Love leaf from the girl's lad

Vitannia! This list of addressing is especially for you, for the new one, all those that I didn’t manage to say at once, that one for a couple of months tezh. To that, read the sheet to the end, there is not much here! I think you're good enough!


Read: List of girls

I'm writing to you more mysterious leaves on my palms
Lip beats, heart beats in the rhythm of vanilla jazz,
A memorial of candles from the wondrous aromas of distant foreign lands,
With a cunning popeyastoy phrase, which hung like a primar in the window.


I write to you now and then dark leaves

I want to

You are bad, you are sicker. Meni befits tse bachiti, so much more sore, ale befits. Nasoloda. Why? Possibly, to the one who thought about you all the time, hating you and loving, hating more love. Your viraz is unhappy in appearance, blackened on a wet eye, like an axis-axis does not vibrate and swell your cheeks with your hair.


Read: I want to order

Hello kokhany!

Hello kokhany! I'm breaking into the sheet again! I feel closer to you! I would like to warmly through those that now you trim those that I recently called trim. Wow, how I missed you! For a long time I’ve been lashing out at myself for those who won’t charge us at once - singly, if it’s important. Fortunately, a webcam - a friend is quiet, who wants someone to pamper.


Read: Hello, Kokhaniy!

Hello sunshine!

Hello sunshine! I haven’t been called to write you a sheet for a long time ... I just didn’t have the courage to tell you about my reason. Maybe I write tobi darma at once, but I can’t stand it any longer ... The fire of my love for you is becoming stronger, and the wine is already starting to scorch my heart. I am trying and suffering because of selfishness... Because you have no order... Aje, you are so far away from me, but I am from you!


Read: Hello, sonechko!

Sheet of kohaniya maiden

Hello, my dearest and least forgetful! You have to write the axis. Knowing at the kohanna, wanting, singsongly, I shy so much more often. "I LOVE YOU," for only 3 words, as in the life of people the floors have become banal, the floors have become everyday. But all the same, I don’t get tired of repeating you, those that I love you more.

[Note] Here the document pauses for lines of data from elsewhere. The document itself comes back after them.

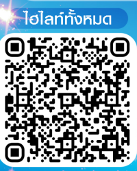
ไอโลกัทั้งหมด

มกราคม - มีนาคม 2570 ราคาเริ่มต้น 44,899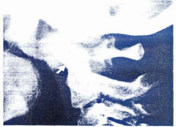
Resim II. Yirmi Birinci Gün Çekilen Lateral Servikal Grafi. Dislokasyonun Düzeldiği Görülmekte.

Romatizmal ateşle birlikte olan atlantoaxial dislokasyon ilk olarak Handyside tarafından yayınlanmış olup radyolojinin uygulamaya girmesinden önceki döneme ait bir yayın olmasına rağmen yapılan postmortem incelemele dislokasyon gösterilmiş ve transvers ligamentin durumu ayrıntıları ile tanımlanmıştır (5) . Öncelikle dislokasyonun niçin bu bölgede oluştuğunu anlamak için bölgenin anatomik özelliklerine bakmak gerekir. Bu özellikler: 1-Atlantoaksiyal eklemden stabiliteyi sağlayacak kemik yapıların yokluğu, 2-Eklemlerinin gevşek olması ve rotasyona olanak vermesi, 3-Bu bölgedeki vertebraların diğer bölgelere nazaran daha mobil olması, 4-Atlasın faset eklemine aksisinkinden da-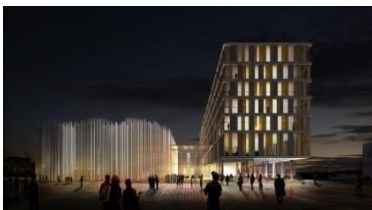
Steigenberger, Bremen (DE)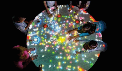
小人兒所居住的桌子 and more...

繼2022《teamLab未來遊樂園&與花共生的動物們》在台創下30萬人口碑佳績, 今年將帶來全新展覽來台, 展出以「共創」為概念、從小孩到大人都能體會樂趣的熱門作品做全新呈現, 打造互動性十足、色彩繽紛絢麗、共同創造的作品群。大家都能一起隨心所欲地畫畫、跳房子, 今夏一起來「teamLab共創! 未來園 台北」玩耍!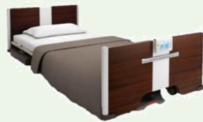
パラマウントベッド / エスピア離床CATCH

ヘルス・ケア・ヴィラ小金井公園では、より安心してお過ごしいただく為に、最新の設備を導入しています。居室での転倒を防止するために、センサー内臓の介護ベッドを導入。入居者様お一人おひとりに合わせた設定で、状態変化を把握。迅速に居室にお伺い出来るため、居室での事故低下に繋がっています。また、車椅子や寝たきりの方にご利用頂く機会浴槽はフルリクライニング機能搭載。肩までゆったり浸かれる水深と100%新湯方式で、気持ちよくご入浴いただけます。

Read: Leaf of the Kohaniy maiden

I am reasonable

I'm sensible ... but already it's pizno. I have long wanted to write to you. Let the leaf be weak for all patience. Well, the axis is so zavzhd, in front of him, like a rose, in front of him, like taking a pen with an arch paper, there were a lot of thoughts in my head, but now I don’t know why to start. Remember, how often does my mood change, and then look at everything that happens?


Read: I am sensible

love sheet...

My dear sweet boy! All one is my: in dreams, dreams, marenni... The lower angel of my heart. So I want to become a baiduzh to your image and find peace of mind ... Ale, make me laugh at me. I renew and renew my stasis, shifting glances and ty, nibi perebuvayuchi in the unknown, baked with dots and words, the sense of which I am afraid of understanding.


Read: Love sheet...

Leaf at the minulee

I don’t know, now I took up the olive, it’s possible for the one who wants to think about what the rest of the hour will tell me. I thought about it, I stopped thinking about you, but it’s not like that. You turned, and I am again snarled by this whirlwind, I am to Yakomu - TI.


Read: Leaf at the minule

I check

It's been a whole day, the first day I was able to take it in my hands and went to the computer. I don’t know how I should live… I beg you, listen to me, be kind. I choke in pain, but I want to tell you, I want to say so many things. All my dreams were shattered, they tormented me for a few days. Having fallen all my world, my small, tenditny world, where I was myself.